Dft Calculations Bring Insight To Internal Alkyne-To-Vinylidene Transformations At Rhodium Pnp- And Ponop-Pincer Complexes

Density Functional Theory (DFT) has been used to investigate the alkyne-to-vinylidene isomerisation reaction mediated by [Rh(PXNXP)](+) complexes (X = CH2: 2,6-bis(di-tert-butylphosphinomethyl)pyridine (PNP) and X = O: 2,6-bis(di-tert-butylphosphinito)pyridine (PONOP)) for terminal alkynes HCCR, where R = Bu-t and Ar ' (3,5-(Bu2C6H3)-Bu-t). Calculations suggest the reaction mechanism proceeds via the slippage of pi-bound alkyne at the Rh centre into a Rh-alkyne sigma(C-H) complex followed by an indirect 1,2-H shift to give the Rh-vinylidene species. NBO (Natural Bond Orbital) analysis of the transition states corresponding to the latter indirect 1,2-H shift step indicates that the migrating hydrogen atom exhibits protic character and hence, the basicity of the H-accepting centre (C-beta) is controlled by the substituents at that same atom and can tune the 1,2-H shift transition state. QTAIM (Quantum Theory of Atoms in Molecule) and NBO analyses of the Rh-vinylidene complexes indicate that these species exhibit a Rh <- C dative bond as well as pi-back bonding from the Rh centre into the empty p(z) orbital of the carbene centre (C-alpha), showing the Rh-vinylidene complexes are Fischer type carbenes.

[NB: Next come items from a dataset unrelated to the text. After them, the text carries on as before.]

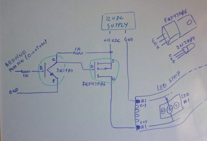 In order to control colors (and intensity), I need to control A1, A2 and A3. The LED strip requires 12 VDC feed and, even if you had a 5 VDC LED strip, it would require to much current to be controlled directly, that's why I need some kind of circuit based on transistors.
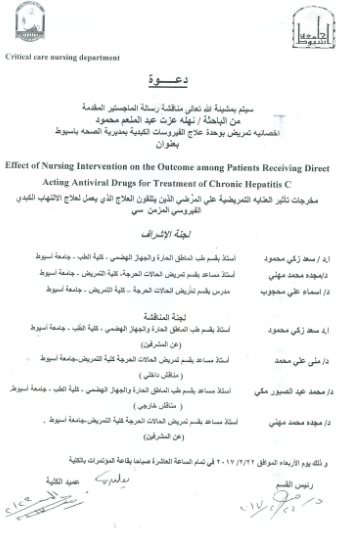 By God willing, master thesis submitted by researcher/ Nahla Ezat Abdel-Moneam, Nursing Specialist, will be discussed on Wednesday, 22/2/2017, at 10:00 a.m., at the conference hall of the college.
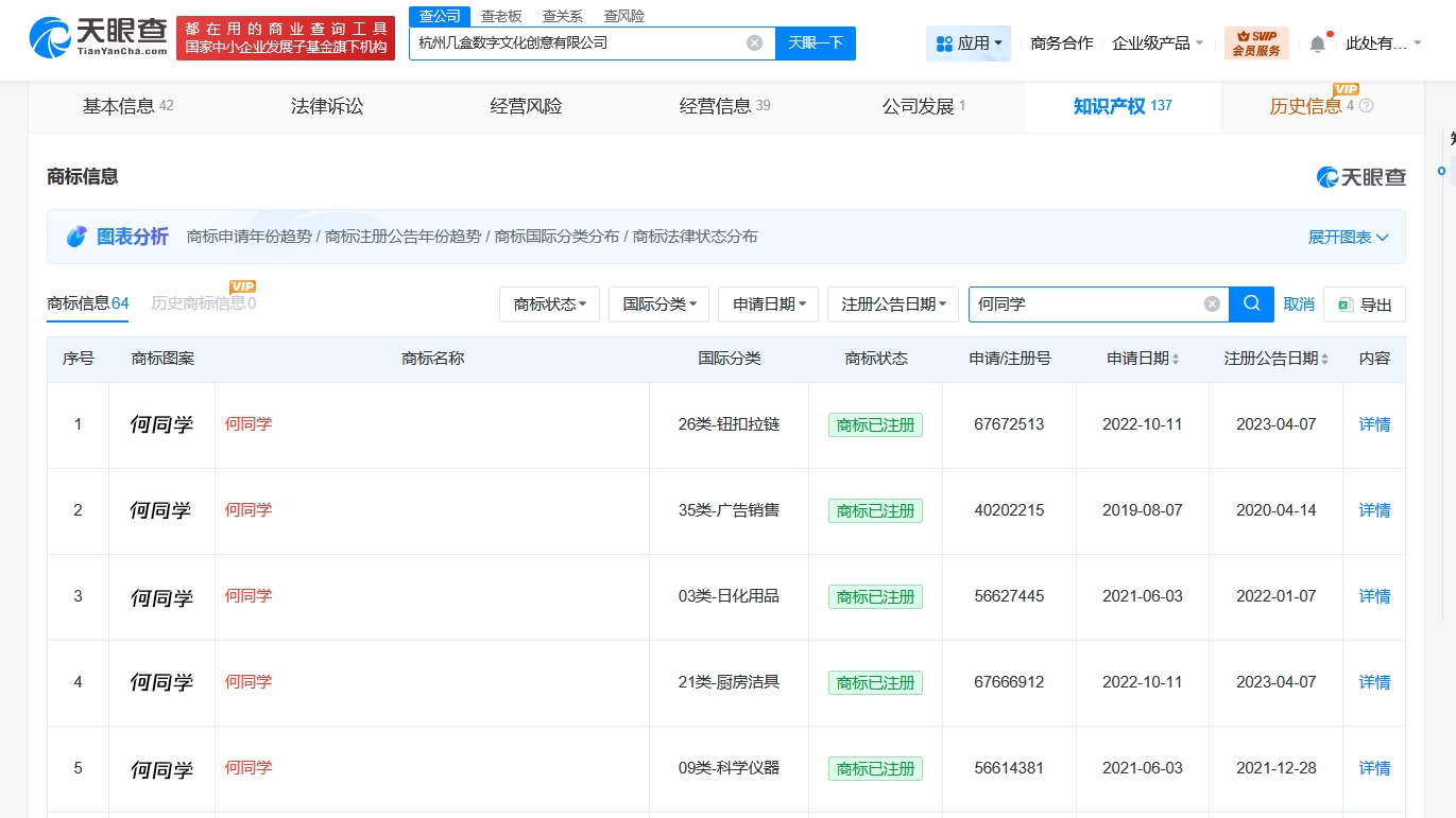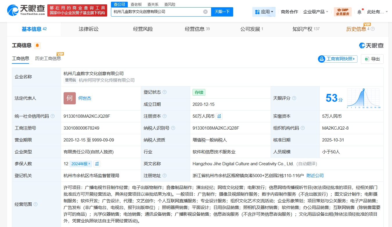 天眼查任职信息显示,何同学(何世杰)名下关联1家杭州几盒数字文化创意有限公司。该公司成立于2020年12月,法定代表人为何世杰,注册资本50万人民币,经营范围含广播电视节目制作经营、电子出版物制作、音像制品制作、演出经纪、网络文化经营、电影发行、信息网络传播视听节目、摄像及视频制作服务、数字内容制作服务等。股东信息显示,该公司由何世杰全资持股。变更记录显示,2023年10月,该公司注册资本由5万人民币增至50万人民币。知识产权信息显示,该公司已成功注册多枚“何同学”商标。
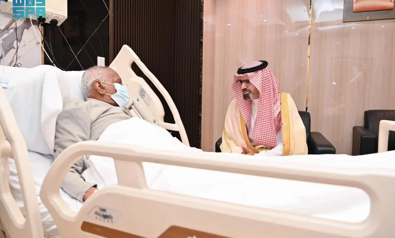 واطمأن سموه خلال الزيارة على حالته الصحية، داعيًا الله أن يمن عليه بالشفاء العاجل.
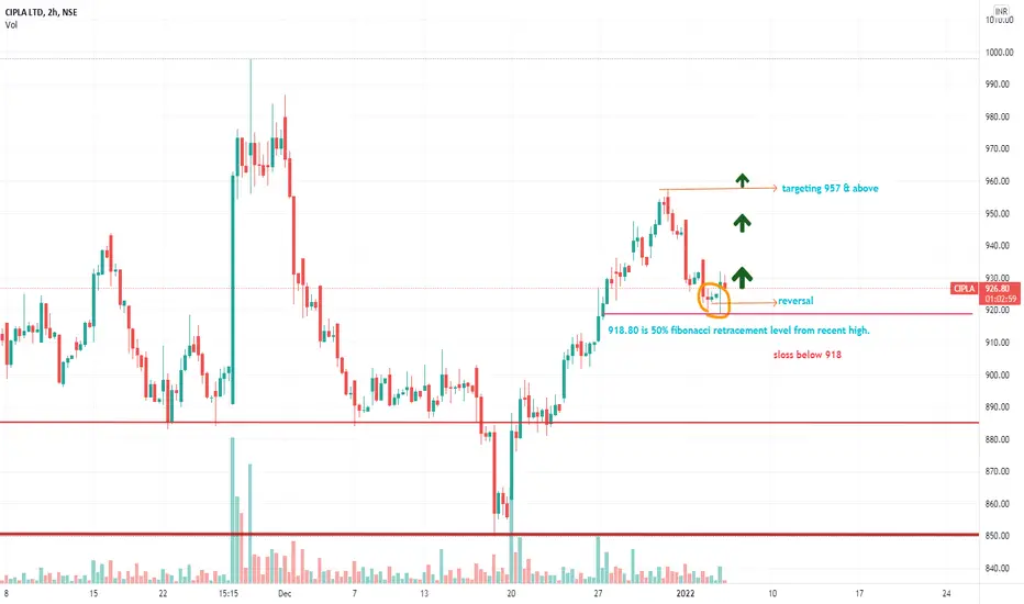 Cipla took support near 50% FIBONACCI RETRACEMENT level of 918.80 & reversed.
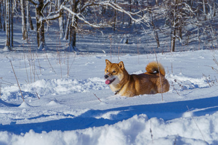 The Shiba Inu Japanese dog plays in the snow in winter.
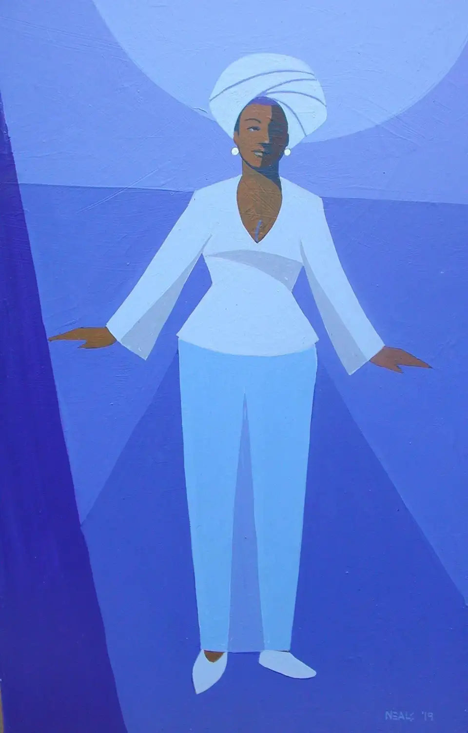 “Blue Model” by Otto Neals measuring 25”x15” in acrylic
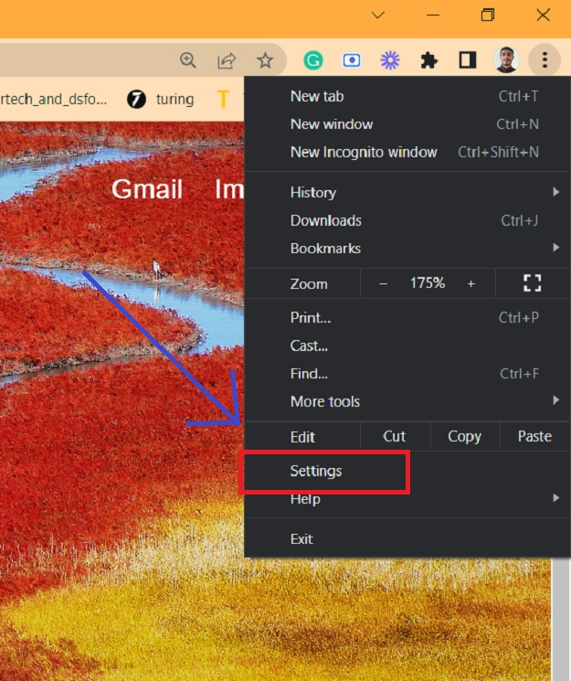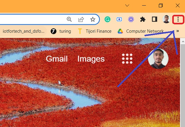 步骤 1− 打开您的Google Chrome浏览器并点击设置。在这里,您可以看到您需要点击屏幕右上角的三个垂直点。
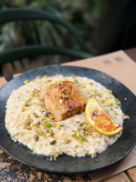 Filé de dourado grelhado com risoto de parmesão finalizado com pistache caramelizado, mel trufado e limão siciliano tostado.
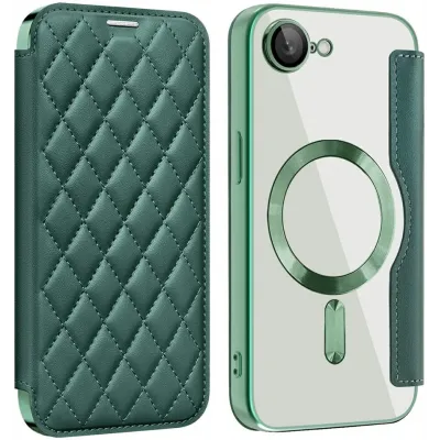 Phonesta Luxury Crystal Puffed Book Wallet Klapphülle mit MagSafe für Apple iPhone 17e/16e - Dunkelgrün

Analysis of the alkyne and vinylidene complex HOMOs show that the equilibrium between the isomers can be tuned by the P-Rh-P bite angle of the [Rh(pincer)](+) fragment. Dictated by the nature of the pincer backbone, wider bite angles shift the equilibrium toward the formation of the Rh-vinylidene isomer (e.g., X = CH2 and R = Ar '), while tighter bite angles shift the equilibrium more to the formation of the Rh-alkyne isomer (e.g., X = O and R = Ar ').